Abstract

Recent developments in Orbital Communication Theory (OCT) of the chemical bond are summarized. Conditional probabilities defining molecular information networks are generated using the bond-projected Superposition Principle (SP) of quantum mechanics. The communications between atomic orbitals (AO) are proportional to squares of elements in the Charge-and-Bond-Order (CBO) matrix, thus being related to Wiberg’s quadratic indices of the chemical bond-order. Molecular propagation of information exhibits the communication-noise due to electron delocalization via the system chemical bonds, the entropic bond-covalency, measured by the channel conditional entropy. Information bond-ionicity is reflected by the channel mutual information (information flow) descriptor.

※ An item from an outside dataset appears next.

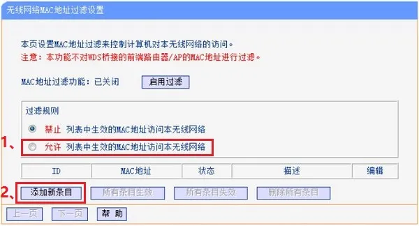 1、點(diǎn)擊“無(wú)線設(shè)置”——>“無(wú)線MAC地址過(guò)濾”——>然后選擇:允許列表中生效的MAC地址對(duì)應(yīng)的設(shè)備訪問(wèn)此無(wú)線網(wǎng)絡(luò)——>點(diǎn)擊“添加新條目”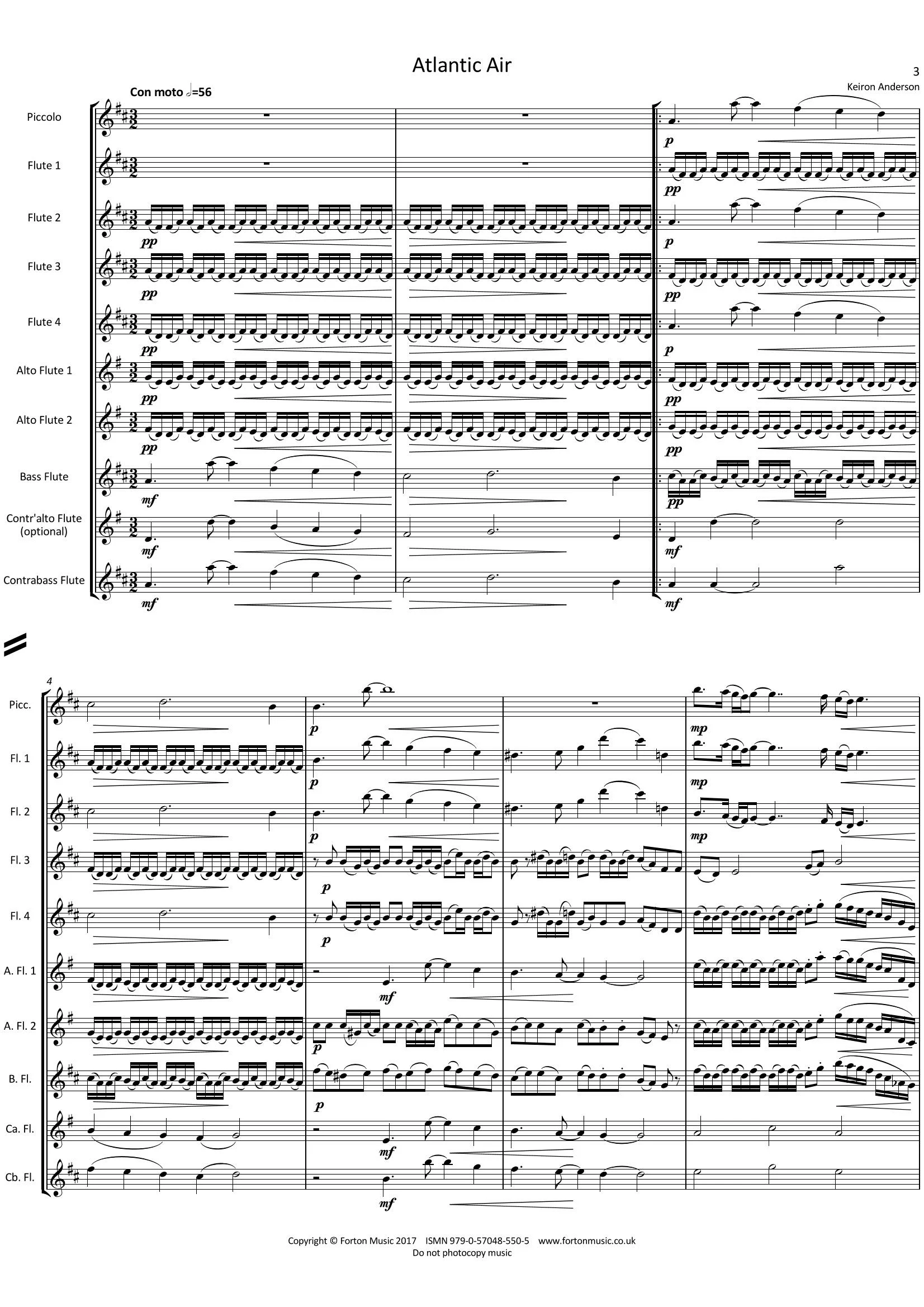 Atlantic Air was written for the 2017 Yorkshire Wind Orchestra Flute Day which is becoming a very well supported annual event for players from all over the country. The theme for this year is transatlantic music and so a flute choir piece which describes an ocean crossing seemed appropriate. The initial theme is accompanied by a motor cross-rhythm in semiquavers which almost simulates a 3/8 time ostinato, yet the main thematic material is a broad 3/2 syncopating to 6/4 at times. This represents engines working hard to produce fluid and flowing forward momentum. The second theme represents an arrival and a different, yet compatible culture. Once the theme has developed the recapitulation incorporates that culture by interweaving the themes and juxtaposing them on the journey back. There are good parts for all players and the work features the big flutes with melodic material from the outset.

The amplitude and probability information systems are distinguished, with the former being capable of the communication interference. This phase-aspect is lost in the probabilistic treatment of classical Information Theory (IT). The OCT perspective identifies the “indirect” chemical bonds in the “cascade” propagation realized via AO intermediates. These through-bridge “bonds” extend range of chemical interactions and supplement the “direct” (through-space) bonds realized by the constructive AO interference or direct communications between them. The flexible-input extension of OCT provides a continuous description of the fragment dissociation, giving a fair agreement between chemical expectations, OCT bond-multiplicities, and Wiberg bond-orders. The occupational orbital decoupling in OCT is properly represented, when separate communication systems for each occupied MO are used and their occupation-weighted entropy/information contributions are classified as bonding (positive) or antibonding (negative), in accordance with the signs of CBO matrix elements reflecting AO phases. These developments are illustrated in two-orbital model and representative π-electron systems. Resultant amplitude communications in multiconfiguration theory are explored, AO communications in Valence-Bond (VB) structures of H2 are examined, and intrinsic nonorthogonality problem of VB description is discussed. The covalent structure generates noiseless channel involving solely the offdiagonal (inter-orbital) propagations, while the ionic state corresponds to deterministic channel of the diagonal (intra-atomic) communications.